German Bunds Rise Before Draghi Hearing; Italian Bonds DeEmma Charlton and Lucy Meakin
Germany’s bonds rose, with 10-year yields falling toward the lowest in three weeks, as European Central Bank President Mario Draghi said euro-area data showed economic weakness at the start of this year.
Italian bonds declined on speculation an election this month will result in a hung parliament, setting back reform measures. Spanish securities fell before the government sells as much as 4 billion euros ($5.3 billion) of debt this week. German government securities outperformed all their regional peers, extending gains from last week when a report showed the euro-area economy shrank last quarter.
“Draghi’s comments are of the same dovish tenor as his recent statements,” said Ralf Umlauf, a research analyst at Landesbank Hessen-Thueringen in Frankfurt. “Markets are again pricing in the fantasy of an interest-rate cut and bunds have risen a little bit. We don’t think there will be a cut.”
Germany’s 10-year yield fell two basis points, or 0.02 percentage point, to 1.63 percent at 4:46 p.m. London time after dropping to 1.58 percent on Feb. 8, the lowest level since Jan. 25. The 1.5 percent bund due in February 2023 rose 0.215, or 2.15 euros per 1,000-euro face amount, to 98.82.

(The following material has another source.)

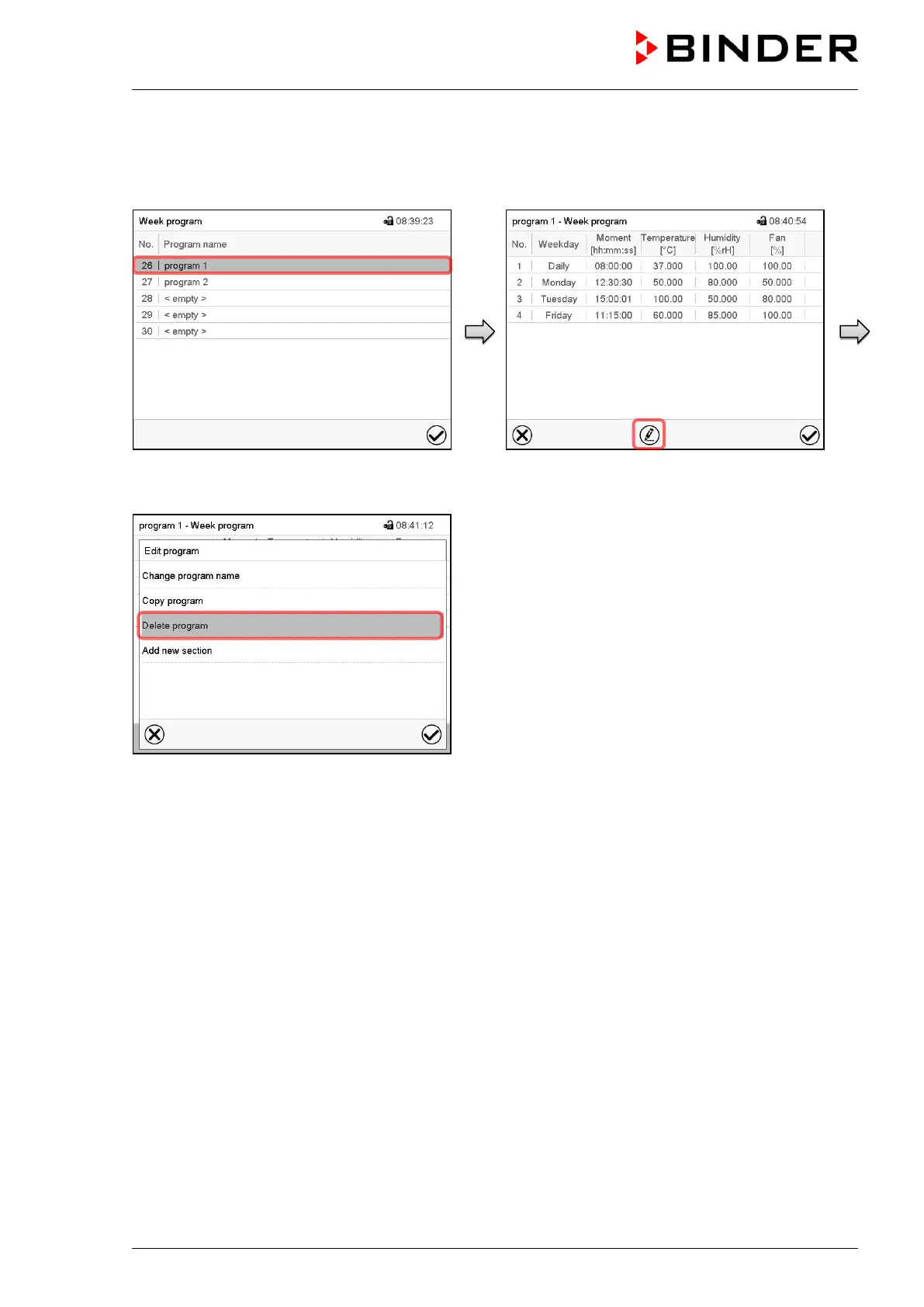 Binder KBF P 240 - Deleting a Week Program

The overall situation in the euro-area remains fragile, even though the region has made “great progress” battling the sovereign-debt crisis, Draghi told lawmakers in the European Parliament in Brussels.

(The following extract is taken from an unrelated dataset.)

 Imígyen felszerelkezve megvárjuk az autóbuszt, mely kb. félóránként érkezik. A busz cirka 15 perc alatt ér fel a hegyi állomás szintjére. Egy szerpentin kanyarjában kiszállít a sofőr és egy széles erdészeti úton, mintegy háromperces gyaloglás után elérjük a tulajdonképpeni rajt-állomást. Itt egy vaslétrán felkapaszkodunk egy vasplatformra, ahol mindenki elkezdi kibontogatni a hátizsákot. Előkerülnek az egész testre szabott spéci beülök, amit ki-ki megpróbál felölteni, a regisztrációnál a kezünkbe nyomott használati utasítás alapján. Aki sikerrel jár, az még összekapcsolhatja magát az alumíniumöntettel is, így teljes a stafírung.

“Available indicators signal further weakness at the beginning of 2013, with domestic demand remaining dampened,” he said. “Even though we have yet to see sustained improvement in the real economy,” survey indicators have confirmed a stabilization at a low level, he said.
Euro-region GDP shrank 0.6 percent from the third quarter, the biggest decline since the first three months of 2009, the European Union’s statistics office said on Feb. 14. ECB policy makers next meet on March 7 after leaving their benchmark rate at a record low of 0.75 percent on Feb. 7.
Other so-called core bond markets also advanced. Austria’s 10-year yield dropped two basis points to 1.97 percent and France’s fell one basis point to 2.27 percent.
Volatility on Austrian bonds was the highest in euro-area markets, followed by those of the Netherlands and Germany, according to measures of 10-year debt, the spread between two-year and 10-year securities and credit-default swaps.
Italy’s 10-year yield rose the most in a week before the nation holds parliamentary elections on Feb. 24-25.
Front-runner Pier Luigi Bersani had 33.8 percent support in an SWG Institute survey published Feb. 8, the day before Italy’s two-week polling blackout began. That compares with 27.8 percent for former premier Silvio Berlusconi.
The nation’s 10-year yield climbed three basis points to 4.41 percent after rising as much as eight basis points, the most since Feb. 6. The rate has dropped more than 2.3 percentage points since Berlusconi offered his resignation on Nov. 8, 2011.
“Everybody is cautious in advance of the election so Italian yields could develop higher,” said Christian Reicherter, an analyst at DZ Bank AG in Frankfurt. “All the periphery is heading in that direction.”
Spain’s 10-year yield increased four basis points to 5.24 percent. The Madrid-based treasury will sell securities due in 2015, 2019, and 2023 on Feb. 21.
Germany is scheduled to auction 5 billion euros of 10-year bunds on Feb. 20.
Sweden’s bonds fell after the Financial Supervisory Authority extended a temporary floor on the discount rate used by pension funds, damping demand for the securities.
Insurance and pension companies can keep applying a floor to their discount rate until the end of 2013, compared with an initial deadline of June, the FSA said.
The country’s 10-year yield climbed two basis points to 2.04 percent.
German bonds handed investors a loss of 1.6 percent this year through Feb. 15, according to indexes compiled by Bloomberg and the European Federation of Financial Analysts Societies. French securities lost 1.7 percent and Italy’s gained 1.3 percent, the indexes show.